Nous envisageons donc ici une corrélation entre la présence sociale d’une QSTS et son traitement dans l’exposition. Le dispositif d’exposition semble montrer une certaine perméabilité aux modalités de communication d’une QSTS hors de la sphère muséale. Nous revenons ici à l’une des caractéristiques forte des questions scientifiques et techniques sensibles, à savoir leur temporalité. Quand nous procédons à l’analyse des expositions d’Agropolis Museum et de l’Alimentarium, nous regardons aujourd’hui le traitement d’une question sensible dans deux expositions conçues à une époque où cette question sensible n’en était pas encore une, ou en

tous cas n’en revêtait pas toutes les caractéristiques (savoir en train de se faire, mais absence de prégnance sociale). Et naturellement, la posture de médiation adoptée ne diffère plus, ou très peu, de celle retenue pour le reste de l’exposition. Ces deux expositions, qui traduisent une approche culturelle de l’alimentation, proposent également une vision de type culturelle des liens entre alimentation et santé et une diffusion de nature culturelle de la culture scientifique et technique.

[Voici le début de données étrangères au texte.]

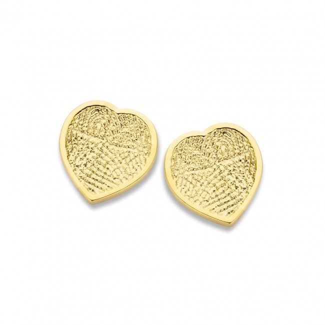 The Bliss 3 earrings are appr. 11mm heart shaped earrings, which can be provided with one or two different fingerprints. These earrings are available in the versions shown below.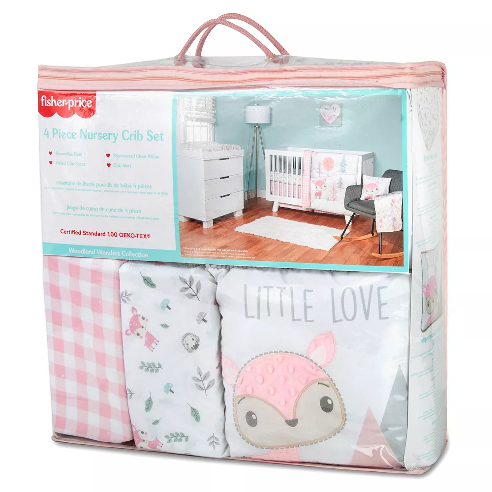 Fisher-Price defines sweet nursey décor with this Woodland Wonders 4-piece nursery bedding set.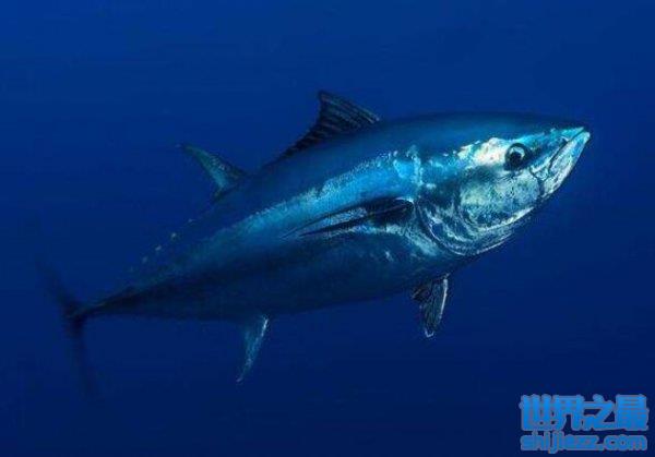 大西洋蓝鳍金枪鱼被国际自然保护联盟列为濒危物种红色名单,为硬骨鱼纲辐鳍鱼亚纲鲈形目鲭亚目鲭科的其中一种,广泛分布于北半球的太平洋和大西洋海域中,栖息深度0-9850米,体长可达458厘米,为大洋性洄游性鱼类,成群活动,属肉食性,以鱼类、头足类、甲壳类为食,可做为食用鱼、游钓鱼及养殖鱼类。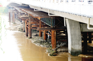 26日晚,市水务局工作人员在排查闸门泄洪情况时,发现有近130平方米树木及杂草等漂浮物堆积在沙河周口大闸第2孔至第7孔闸门之间。水务部门抢险突击队立即行动,突击队副队长、闸管站站长郭蕾第一个身绑绳索下到闸下水面杂草堆积处清理。抢险队员通过用钩子拉、用钢棍推等方法,经过近3个小时的努力,排除全部险情。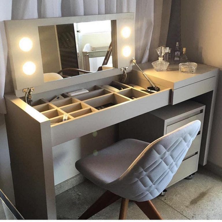 Стол с секретом дополнен не только системой хранения для тысячи мелочей и передвижной тумбой, но даже зеркалом.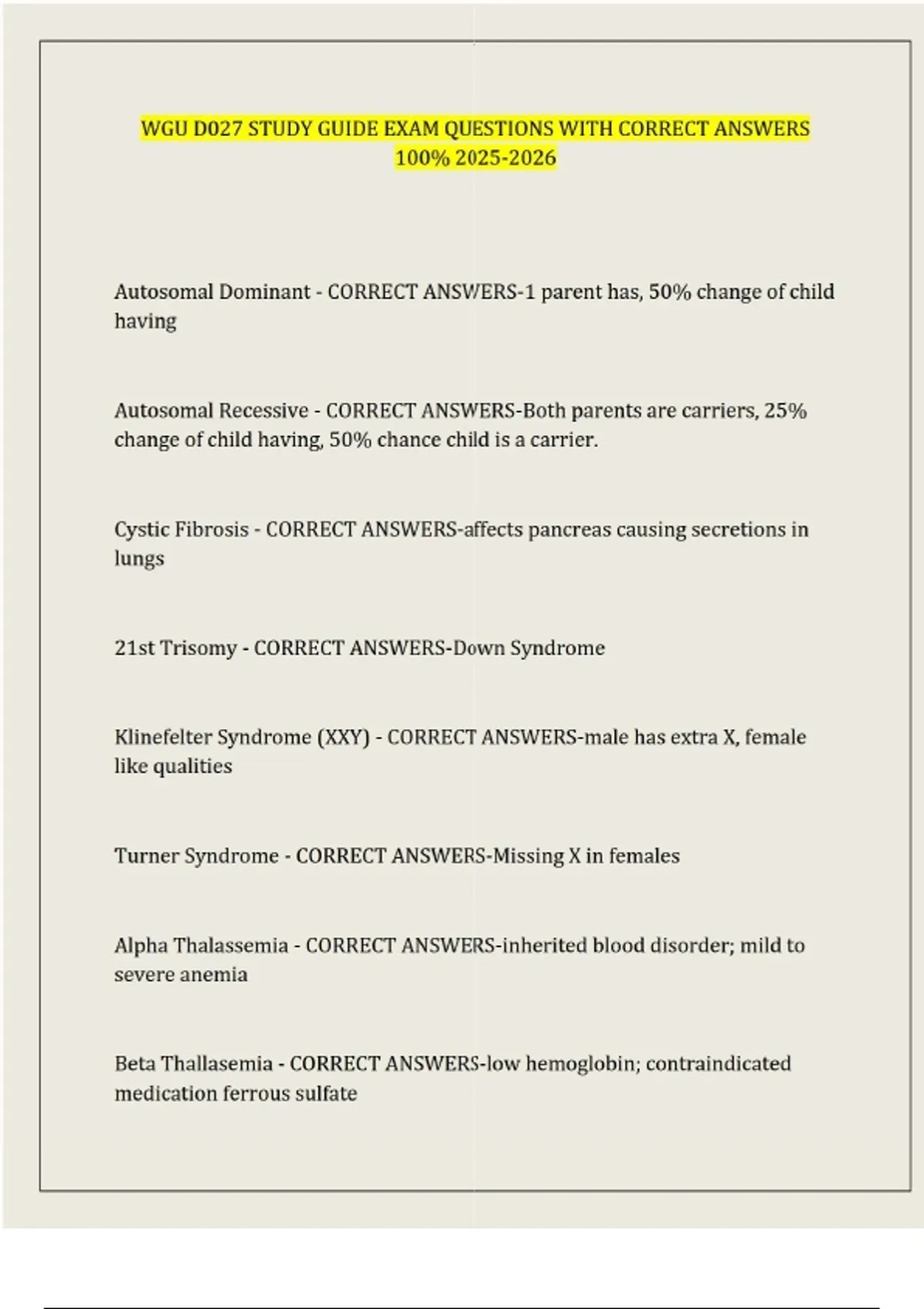 wgu d027 study guide exam questions with correct a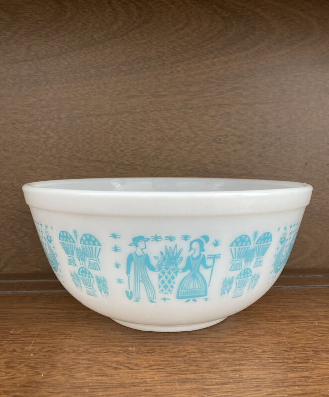 Title (ebay affiliate link): VTG Pyrex Ovenware Amish Butterprint 2.5qt Mixing Bowl- Turquoise On White #403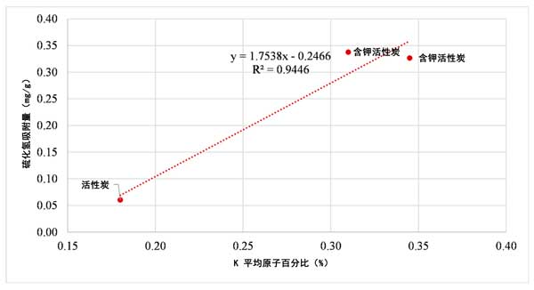 圖3:活性炭中氧化鉀含量對硫化氫吸附的影響。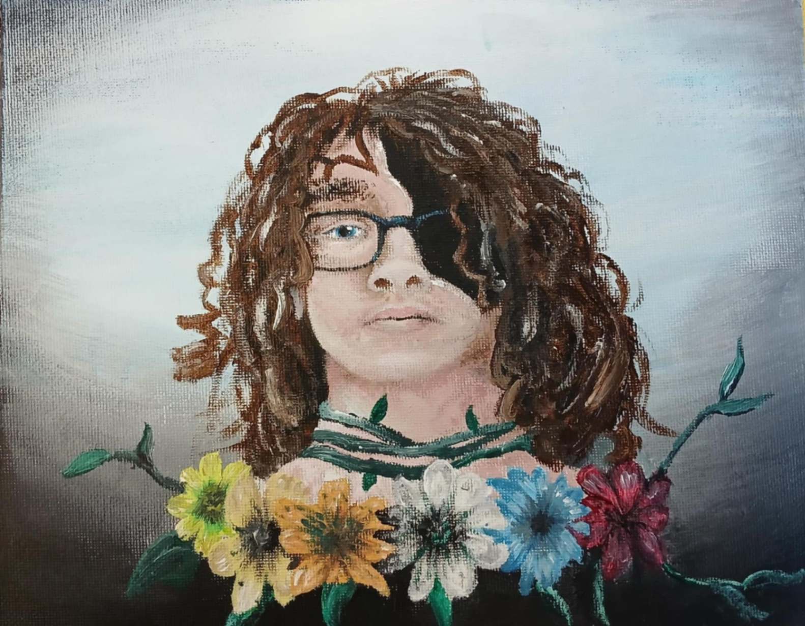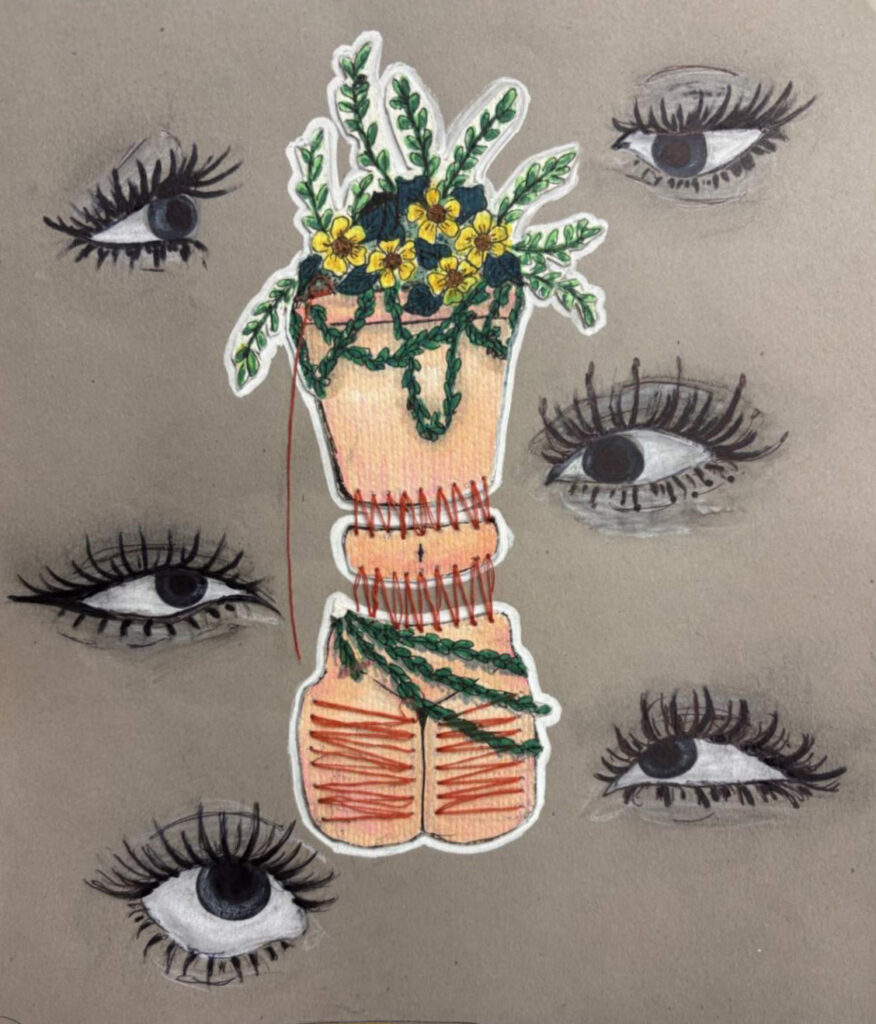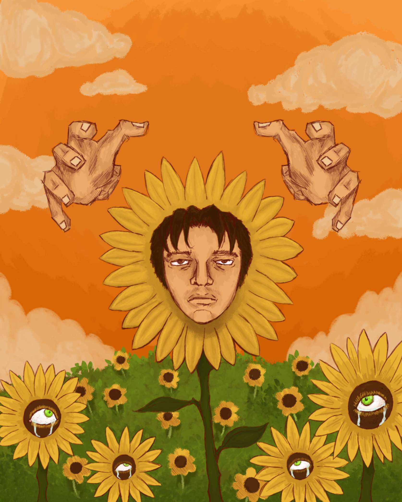 This a digital painting that I created using Adobe Photoshop. The topic of the assignment was to make a surreal representation of myself. I drew myself as a flower surrounded by other flowers and eyes to represent being constantly watched and judged by others. The hands in the background are my own hands, added to enhance the composition and create a sense of urgency.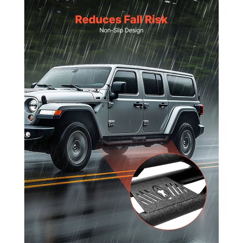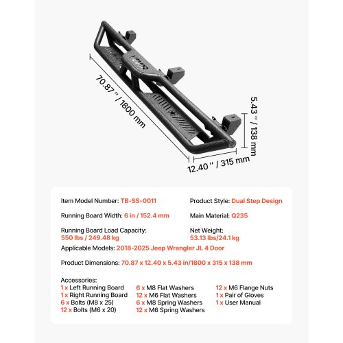 VEVOR Running Boards Nerf Bar Side Step 6 in for 18-25 Jeep Wrangler JL 4 Door<br/>Exact Fit<br/>One-Step Entry<br/>All-Weather Durability<br/>Practical Design<br/>Wide Application<br/>Side Body Protection<br/>Running Board Width: 6 in/152.4 mm,Running Board Load Capacity: 550 lbs/249.48 kg,Item Model Number: TB-SS-011,Product Style: Dual Step Design,Product Dimensions: 70.87 x 12.40 x 5.43 in/1800 x 315 x 138 mm,Net Weight: 53.13 lbs/24.1 kg,Main Material: Q235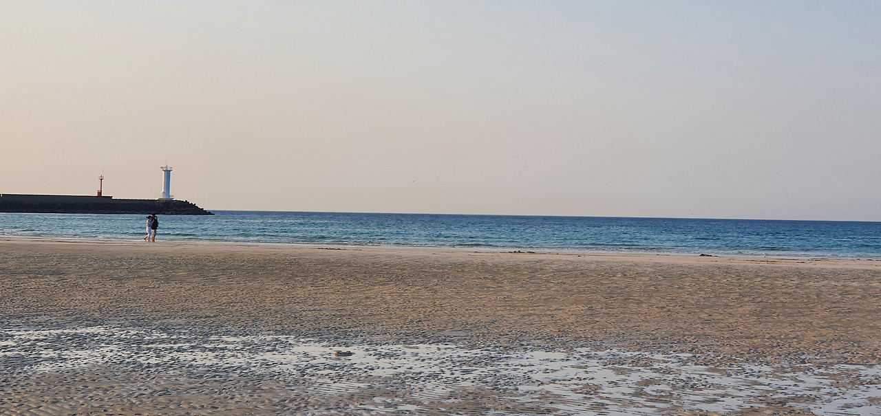돌아오는 길, 세화 바다가 열렸다. 썰물 때인가! 먼바다로 걸었다.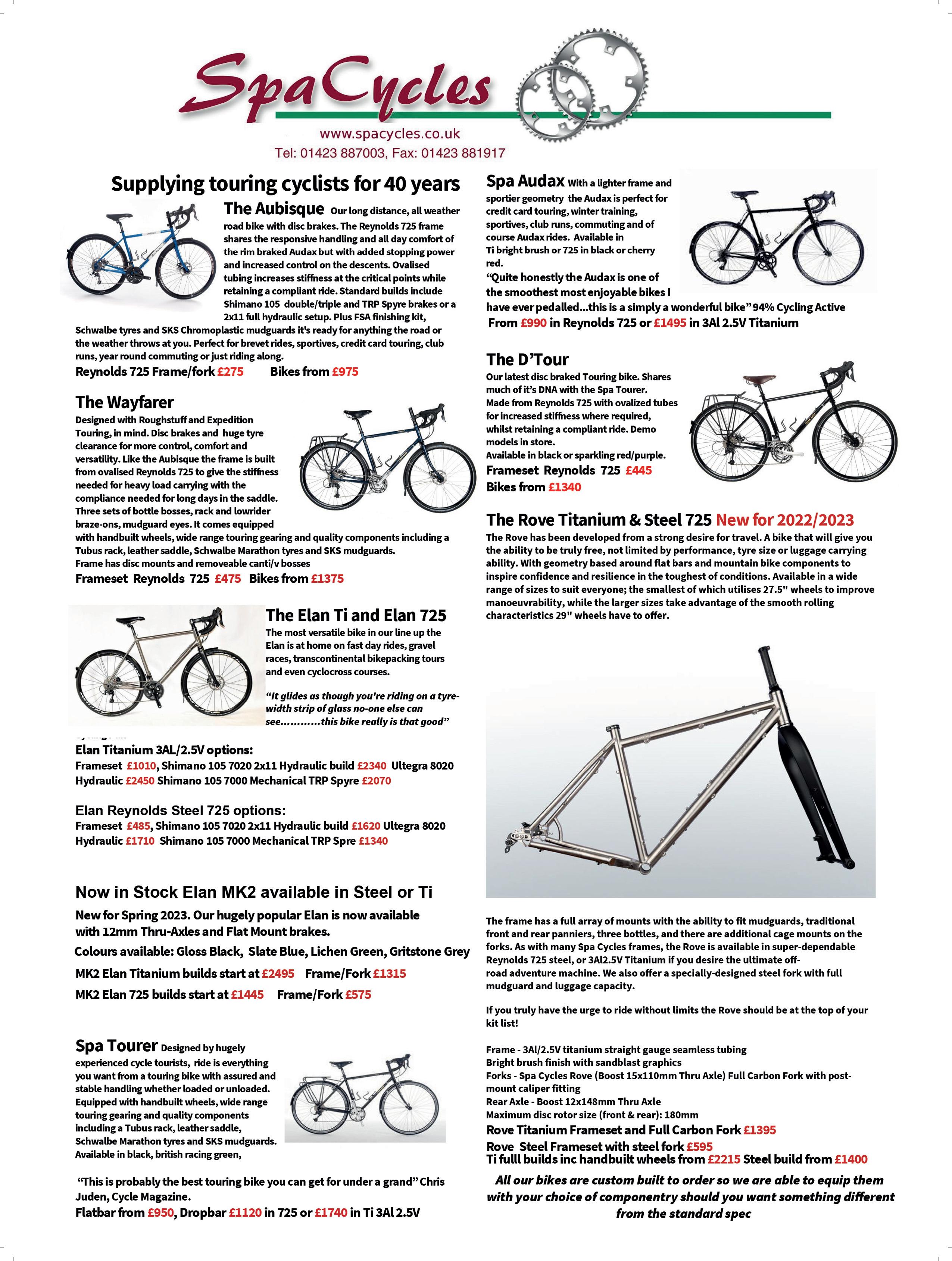 Reynolds 725 frame with Deore V-brakes, BBB trekking bar, quality handbuilt wheels (26in for the smallest size) and your choice of tyres and gear ratios. spacycles.co.uk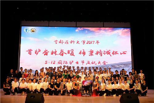 2017年5月10日,由嗨皮漫画 、中国教育工会嗨皮漫画 委员会、共青团嗨皮漫画 委员会联合举办的“首护杏林春暖,传秉精诚仁心”5·12国际护士节庆祝大会在学术报告厅隆重举行。庆祝大会旨在激励护生进一步发扬南丁格尔精神,展示良好的精神风貌和职业风范,激励嗨皮漫画 的师生们爱岗敬业、积极进取、勇于奉献的职业精神,进而提高护理质量与水平。学校领导与嗨皮漫画 及其七个临床教学部的师生代表共同与会,一起庆祝节日的到来。
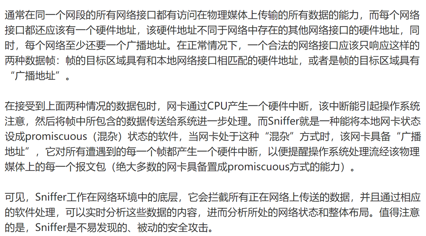 网络嗅探的基本工作原理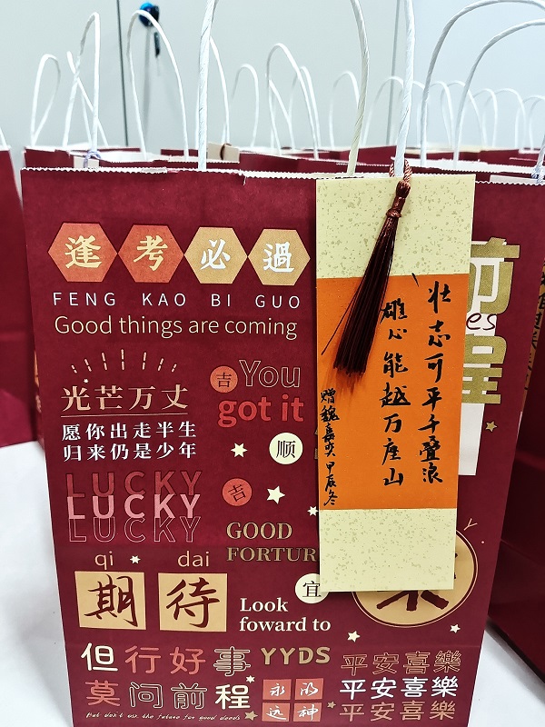 活动现场,学部精心策划,为每位考研学子准备了一份满载祝福的“考研暖心包”:橙子寓意心想事“橙”,一战“橙”硕;薯愿寓意“薯”你最棒,如你所“愿”;士力架寓意“巧克”难题,能量满满;签字笔则寓意“以笔为剑,乘风破浪”礼包上都张贴着老师们亲手书写的考研“祝福贴”,极大地彰显了学部的人文关怀。

A contrario, les autres expositions de notre corpus ont toutes été créées durant une période de forte présence sociale et médiatique de la thématique Alimentation et Santé : mise en œuvre du PNNS, essor des livres et publications sur la manière de bien se nourrir, etc. Or ces expositions semblent adopter une posture et un discours similaires à ce qu’il est possible d’observer dans le traitement médiatique et politique de cette question, avec in fine une absence de transposition muséographique.

Paradoxalement, le directeur de l’Alimentarium nous a confié lors d’un entretien réalisé en 200819 qu’il regrettait la trop faible présence dans son exposition permanente de thèmes liés à la santé, et qu’il ne parvenait pas à en expliquer la raison.

« C’est un manque. C’est un manque, comme l’actualité aussi. Peut-être le manque le plus important. L’actualité alimentaire. Ce qui est à la une dans la presse n’est pas chez nous. […]. L’actualité pas… immédiate. Si on peut dire l’actualité de longue durée, ce qui est à la presse pendant des mois et des mois, pour donner une information vraiment sérieuse de base. […]. Mais ça manque, totalement. Non la santé, je ne sais pas pourquoi, je ne peux pas vous dire, c’est pas un choix délibéré…oui, elle n’est pas très présente. »

Cela conforte notre idée de perméabilité de l’exposition puisque nous pouvons sans doute supposer que l’exposition de l’Alimentarium, si elle avait été conçue deux ou trois ans plus tard, aurait certainement accordé naturellement davantage de place à cette thématique.

L’absence de transposition muséographique telle que nous l’avons observée est donc engendrée par la perméabilité du média exposition aux modalités d’existence sociale des questions scientifiques et techniques sensibles. Ceci interroge du coup la capacité des institutions muséales à favoriser une « mise en culture » de la science à travers ces questions, alors même qu’elles sembleraient de prime abord particulièrement adaptées à cet objectif.